◆ **Exercise objective**: Print every record exactly as it appears. Leave the pictures out.

◆ **Stored items**:
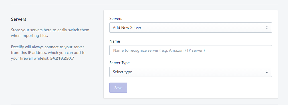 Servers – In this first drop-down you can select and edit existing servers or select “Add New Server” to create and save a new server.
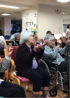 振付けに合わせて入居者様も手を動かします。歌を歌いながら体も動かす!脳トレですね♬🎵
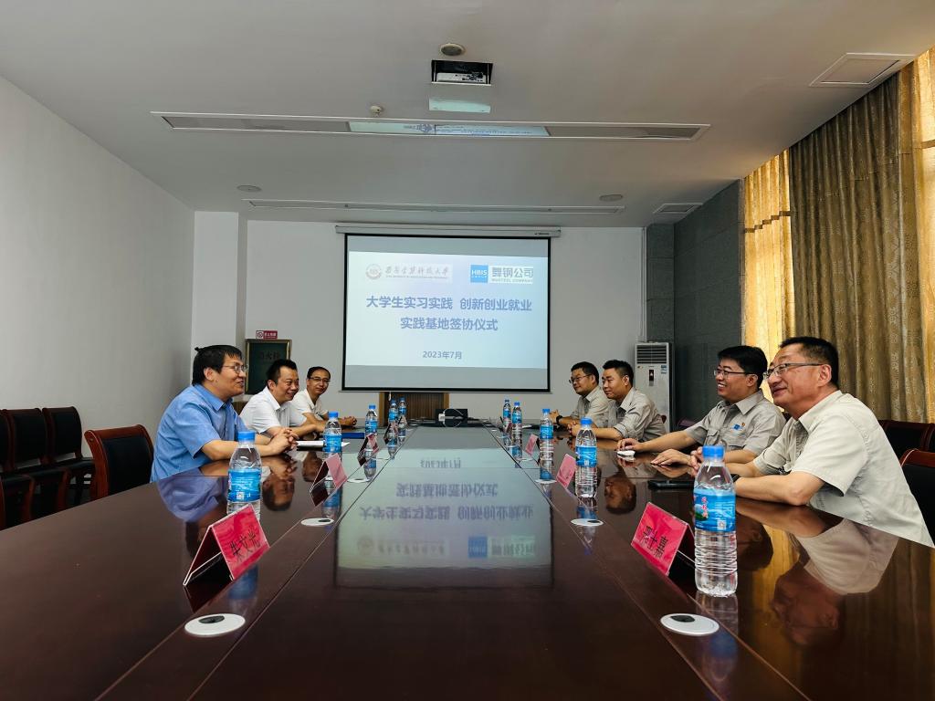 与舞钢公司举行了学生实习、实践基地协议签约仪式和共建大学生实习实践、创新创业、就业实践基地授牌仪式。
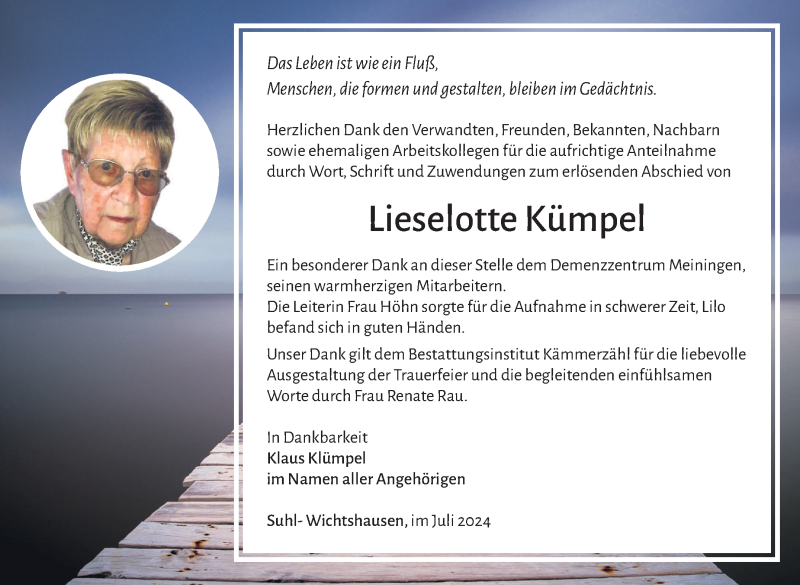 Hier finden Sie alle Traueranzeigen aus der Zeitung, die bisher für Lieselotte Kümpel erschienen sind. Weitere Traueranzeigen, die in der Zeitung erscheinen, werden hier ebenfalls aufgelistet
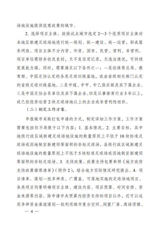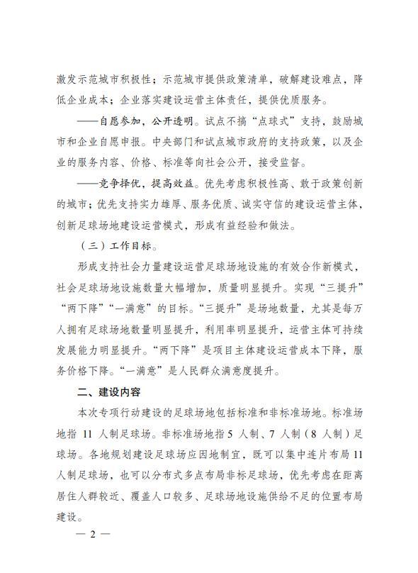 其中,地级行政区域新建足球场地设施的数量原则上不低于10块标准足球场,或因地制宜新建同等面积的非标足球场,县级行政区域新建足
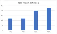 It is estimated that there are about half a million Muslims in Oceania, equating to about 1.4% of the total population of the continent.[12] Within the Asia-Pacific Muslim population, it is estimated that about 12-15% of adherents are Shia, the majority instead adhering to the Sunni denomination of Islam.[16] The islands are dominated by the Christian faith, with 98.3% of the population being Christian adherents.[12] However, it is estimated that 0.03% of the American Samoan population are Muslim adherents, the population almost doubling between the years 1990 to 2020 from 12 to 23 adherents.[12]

◆ **Task response**:
 Servers – In this first drop-down you can select and edit existing servers or select “Add New Server” to create and save a new server.
 振付けに合わせて入居者様も手を動かします。歌を歌いながら体も動かす!脳トレですね♬🎵
 与舞钢公司举行了学生实习、实践基地协议签约仪式和共建大学生实习实践、创新创业、就业实践基地授牌仪式。
 Hier finden Sie alle Traueranzeigen aus der Zeitung, die bisher für Lieselotte Kümpel erschienen sind. Weitere Traueranzeigen, die in der Zeitung erscheinen, werden hier ebenfalls aufgelistet
 其中,地级行政区域新建足球场地设施的数量原则上不低于10块标准足球场,或因地制宜新建同等面积的非标足球场,县级行政区域新建足
 It is estimated that there are about half a million Muslims in Oceania, equating to about 1.4% of the total population of the continent.[12] Within the Asia-Pacific Muslim population, it is estimated that about 12-15% of adherents are Shia, the majority instead adhering to the Sunni denomination of Islam.[16] The islands are dominated by the Christian faith, with 98.3% of the population being Christian adherents.[12] However, it is estimated that 0.03% of the American Samoan population are Muslim adherents, the population almost doubling between the years 1990 to 2020 from 12 to 23 adherents.[12]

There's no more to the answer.